**EXERCISE:**
Although the records contain pictures, none belong in the copy: restate word for word only the lines from the one with "A model presents" through the one with "工作队列模式:一个消息只能被", both included.

**RECORD SET:**

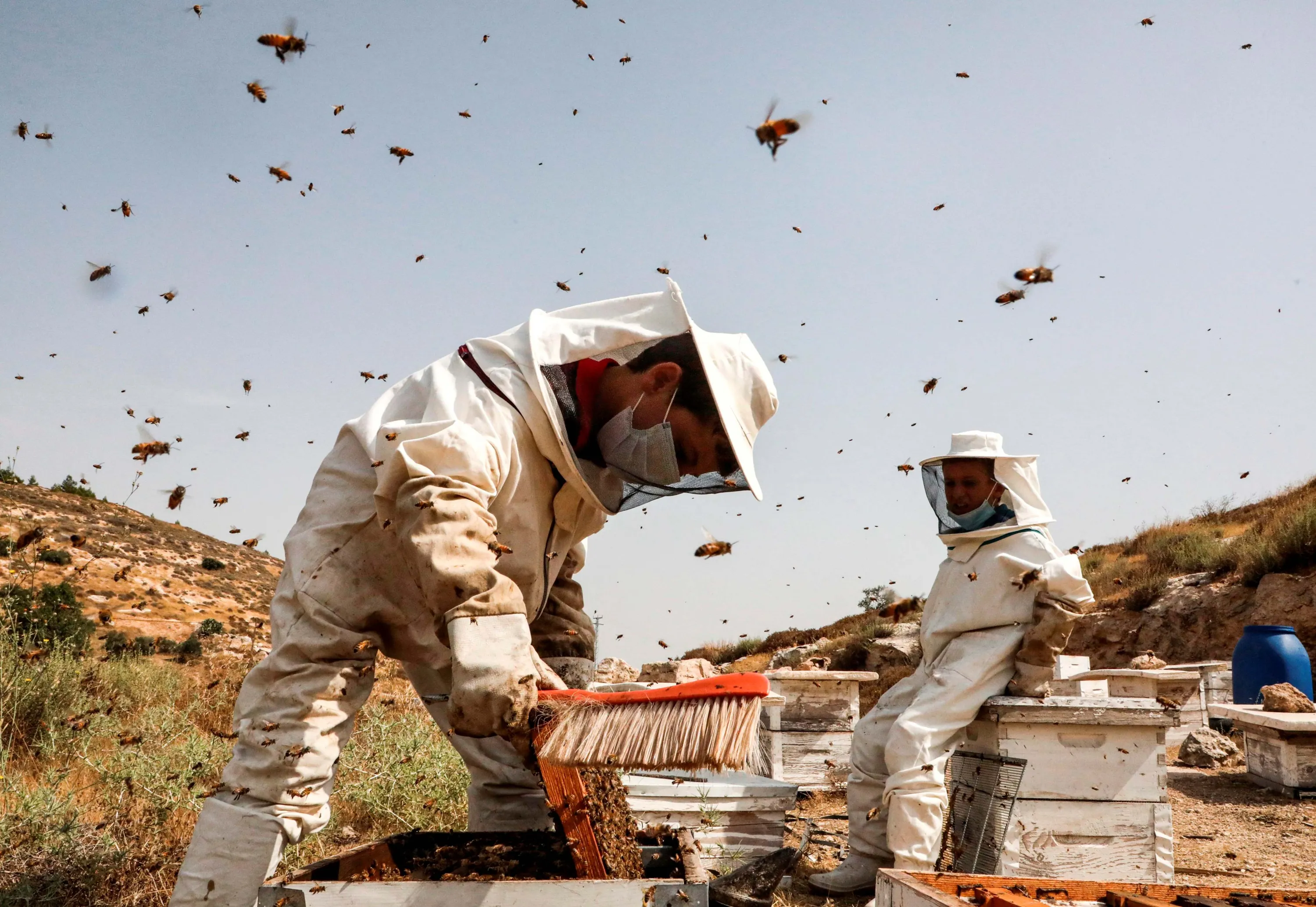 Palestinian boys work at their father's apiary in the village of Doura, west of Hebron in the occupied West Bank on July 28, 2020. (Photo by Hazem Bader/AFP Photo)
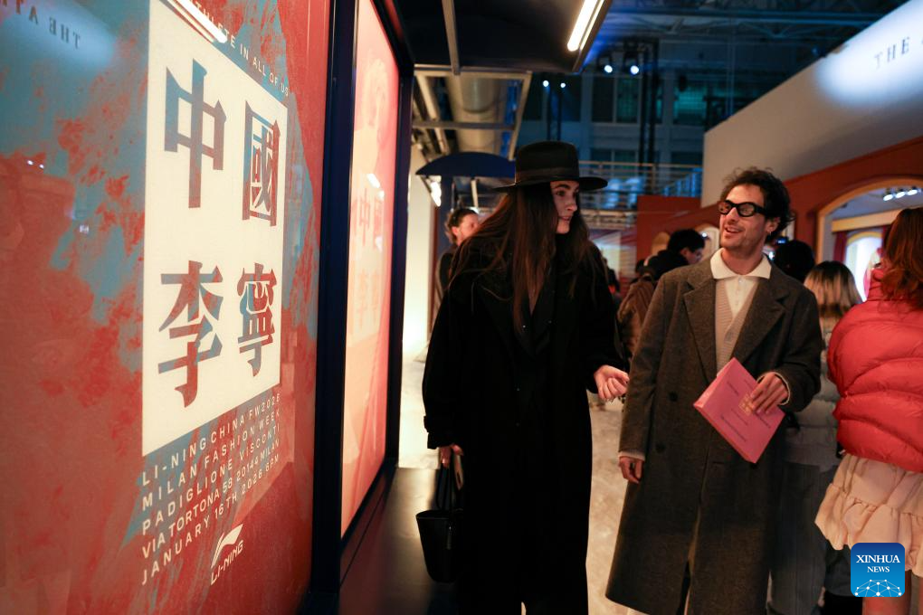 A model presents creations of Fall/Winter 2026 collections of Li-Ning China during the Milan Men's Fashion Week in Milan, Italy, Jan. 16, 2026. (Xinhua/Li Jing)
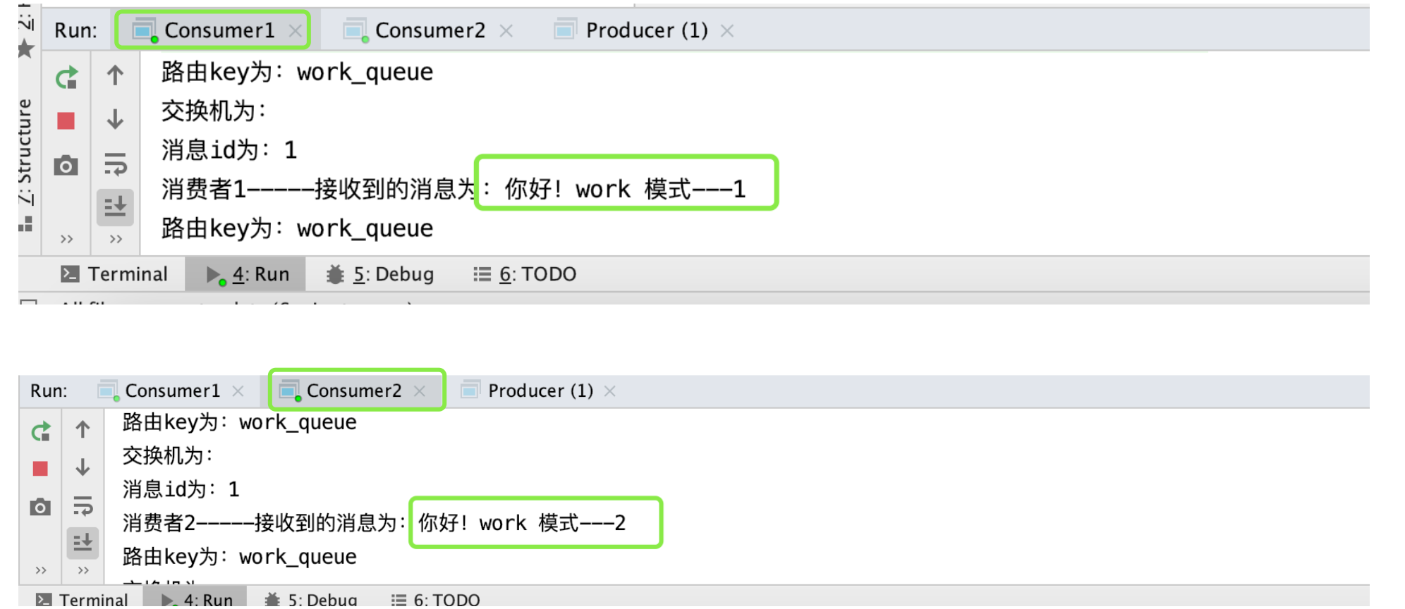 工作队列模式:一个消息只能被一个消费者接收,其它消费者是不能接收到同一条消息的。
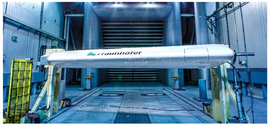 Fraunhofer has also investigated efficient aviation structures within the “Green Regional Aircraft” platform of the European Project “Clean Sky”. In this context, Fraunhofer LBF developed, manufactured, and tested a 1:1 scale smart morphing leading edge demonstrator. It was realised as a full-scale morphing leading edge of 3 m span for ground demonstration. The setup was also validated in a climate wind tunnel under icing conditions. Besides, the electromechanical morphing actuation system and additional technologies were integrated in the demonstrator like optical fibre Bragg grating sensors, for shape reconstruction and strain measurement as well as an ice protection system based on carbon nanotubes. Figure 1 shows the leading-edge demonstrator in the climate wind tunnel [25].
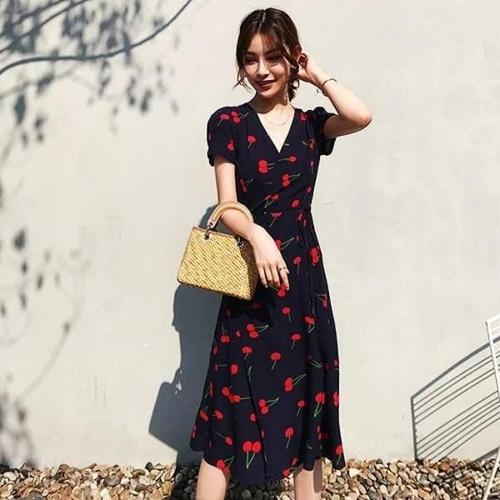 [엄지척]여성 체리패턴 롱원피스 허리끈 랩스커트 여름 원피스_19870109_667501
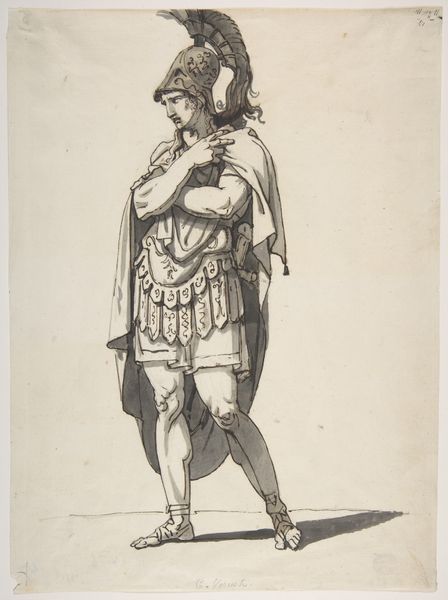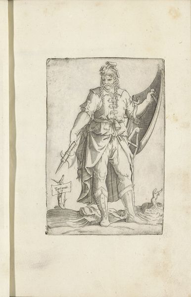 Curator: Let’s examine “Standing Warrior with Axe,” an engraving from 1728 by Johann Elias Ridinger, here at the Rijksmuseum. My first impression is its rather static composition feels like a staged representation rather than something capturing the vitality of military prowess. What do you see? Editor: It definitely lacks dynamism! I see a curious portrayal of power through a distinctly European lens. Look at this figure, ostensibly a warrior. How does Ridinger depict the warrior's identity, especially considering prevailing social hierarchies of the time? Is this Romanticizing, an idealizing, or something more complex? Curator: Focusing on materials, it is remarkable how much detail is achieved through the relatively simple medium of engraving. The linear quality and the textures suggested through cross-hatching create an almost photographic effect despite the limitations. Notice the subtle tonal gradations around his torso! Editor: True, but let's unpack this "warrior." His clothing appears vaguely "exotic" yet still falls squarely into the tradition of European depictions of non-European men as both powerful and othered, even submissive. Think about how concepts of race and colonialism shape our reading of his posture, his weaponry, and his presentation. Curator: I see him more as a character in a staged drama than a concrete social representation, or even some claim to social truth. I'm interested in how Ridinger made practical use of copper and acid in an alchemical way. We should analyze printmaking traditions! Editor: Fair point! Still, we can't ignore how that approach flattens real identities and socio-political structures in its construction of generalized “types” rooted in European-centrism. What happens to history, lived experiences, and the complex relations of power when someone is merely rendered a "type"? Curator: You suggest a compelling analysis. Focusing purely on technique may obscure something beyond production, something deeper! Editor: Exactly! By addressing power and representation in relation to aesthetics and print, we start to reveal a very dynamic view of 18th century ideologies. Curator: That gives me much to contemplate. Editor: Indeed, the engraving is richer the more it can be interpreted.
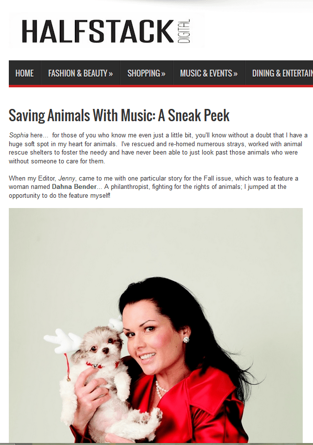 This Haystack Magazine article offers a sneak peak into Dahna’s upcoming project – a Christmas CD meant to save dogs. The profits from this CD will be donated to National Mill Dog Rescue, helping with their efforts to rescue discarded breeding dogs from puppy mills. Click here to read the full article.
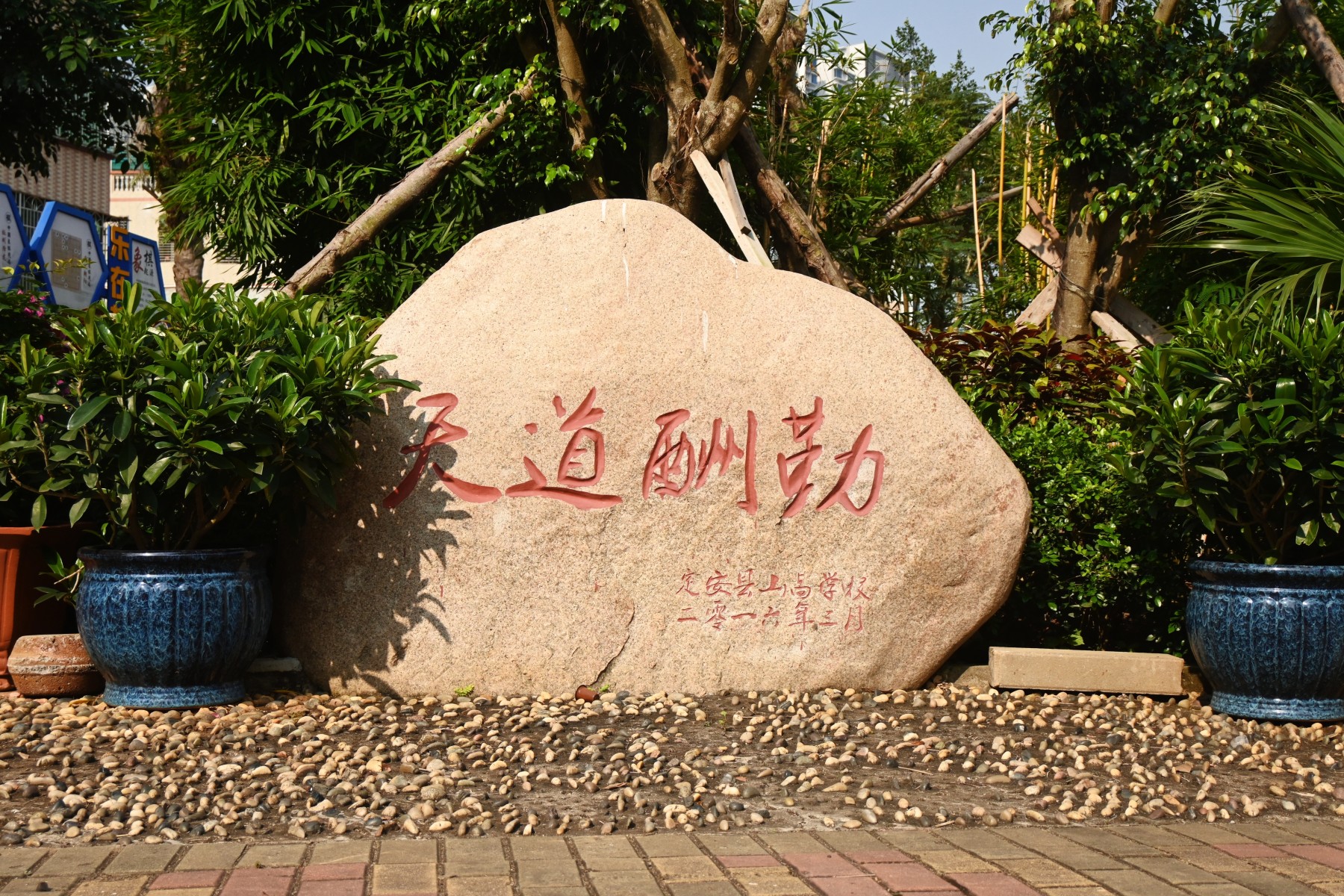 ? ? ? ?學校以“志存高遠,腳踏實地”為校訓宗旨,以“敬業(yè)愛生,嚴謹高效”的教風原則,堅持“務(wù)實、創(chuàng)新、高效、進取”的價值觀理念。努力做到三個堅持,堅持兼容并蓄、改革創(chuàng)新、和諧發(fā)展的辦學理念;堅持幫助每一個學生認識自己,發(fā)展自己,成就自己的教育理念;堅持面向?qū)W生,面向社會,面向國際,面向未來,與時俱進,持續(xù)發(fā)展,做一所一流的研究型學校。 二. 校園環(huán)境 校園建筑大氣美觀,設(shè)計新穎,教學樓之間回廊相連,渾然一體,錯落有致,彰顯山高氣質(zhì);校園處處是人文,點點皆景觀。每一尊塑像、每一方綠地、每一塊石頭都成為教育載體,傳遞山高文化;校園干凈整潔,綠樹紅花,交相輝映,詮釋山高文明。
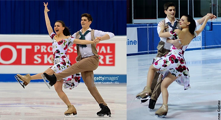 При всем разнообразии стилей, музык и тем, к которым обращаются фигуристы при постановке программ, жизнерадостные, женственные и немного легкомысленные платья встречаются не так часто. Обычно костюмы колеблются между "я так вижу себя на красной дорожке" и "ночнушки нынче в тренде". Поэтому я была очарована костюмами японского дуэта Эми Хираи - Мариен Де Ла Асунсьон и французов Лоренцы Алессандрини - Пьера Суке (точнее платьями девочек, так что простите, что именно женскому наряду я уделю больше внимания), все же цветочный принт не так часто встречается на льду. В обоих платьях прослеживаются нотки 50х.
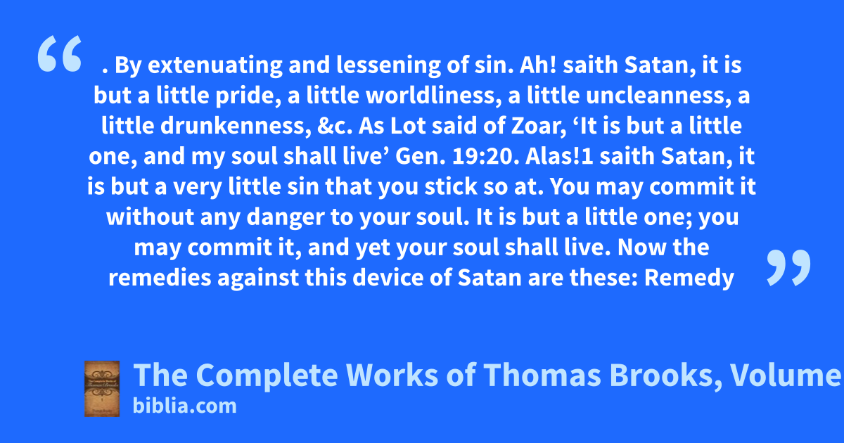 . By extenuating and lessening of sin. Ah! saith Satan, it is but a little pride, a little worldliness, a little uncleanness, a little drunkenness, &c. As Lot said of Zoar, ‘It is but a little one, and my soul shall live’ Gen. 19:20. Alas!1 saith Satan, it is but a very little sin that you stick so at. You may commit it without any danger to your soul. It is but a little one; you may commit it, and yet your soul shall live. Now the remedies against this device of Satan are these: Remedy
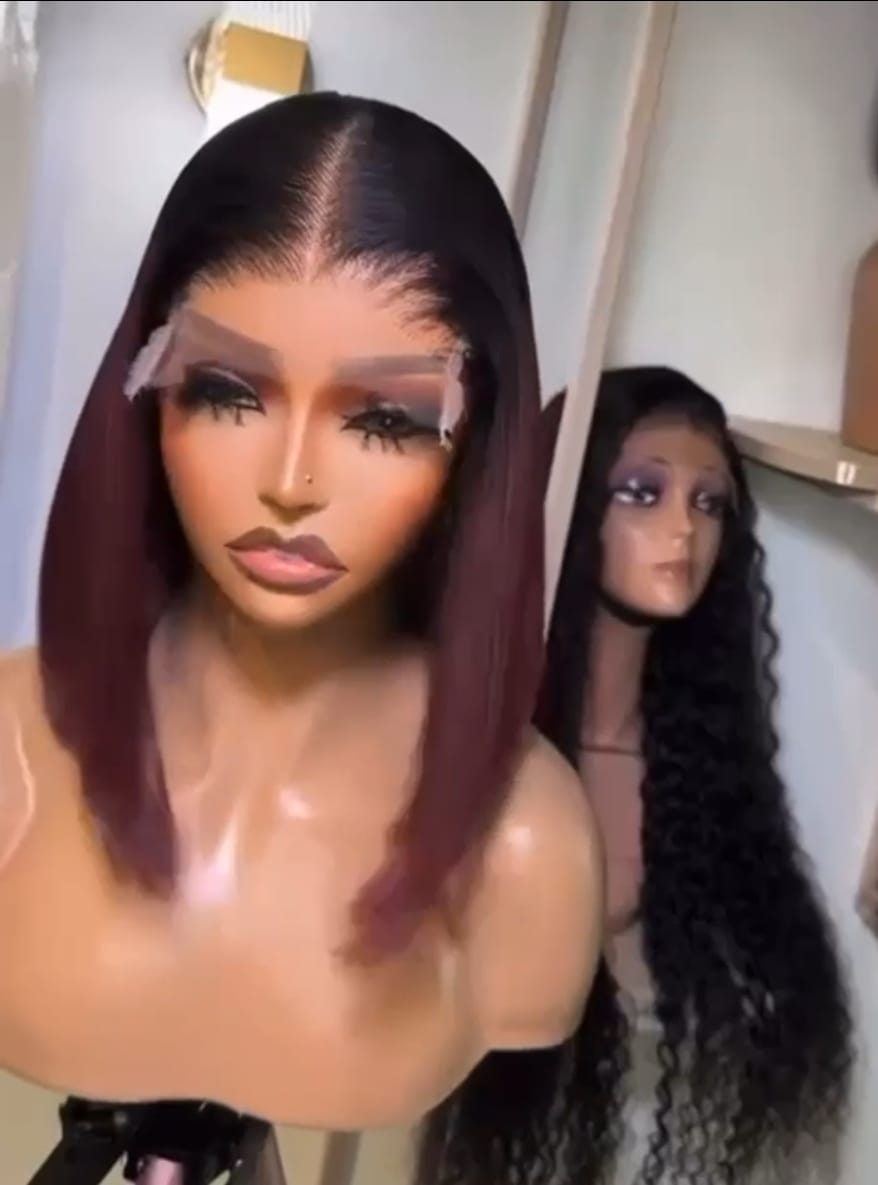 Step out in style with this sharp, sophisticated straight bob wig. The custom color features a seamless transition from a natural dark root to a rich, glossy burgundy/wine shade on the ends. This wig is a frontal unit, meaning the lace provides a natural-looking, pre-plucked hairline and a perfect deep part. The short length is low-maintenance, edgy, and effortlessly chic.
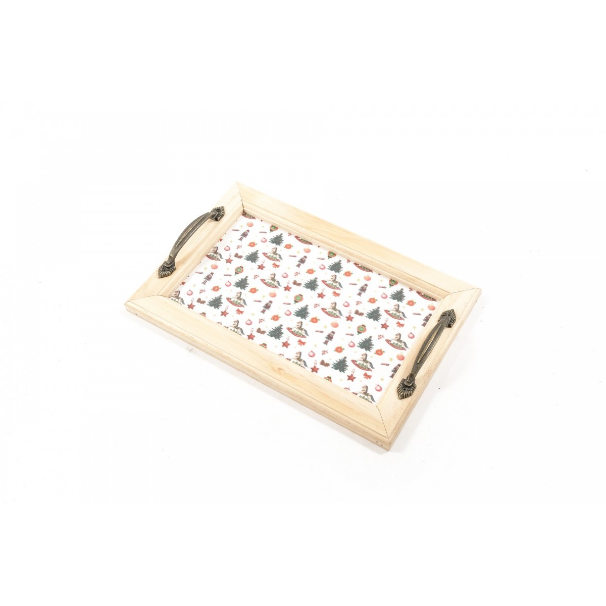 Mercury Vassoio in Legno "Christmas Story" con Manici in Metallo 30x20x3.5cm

**EXERCISE SOLUTION:**
 A model presents creations of Fall/Winter 2026 collections of Li-Ning China during the Milan Men's Fashion Week in Milan, Italy, Jan. 16, 2026. (Xinhua/Li Jing)
 工作队列模式:一个消息只能被一个消费者接收,其它消费者是不能接收到同一条消息的。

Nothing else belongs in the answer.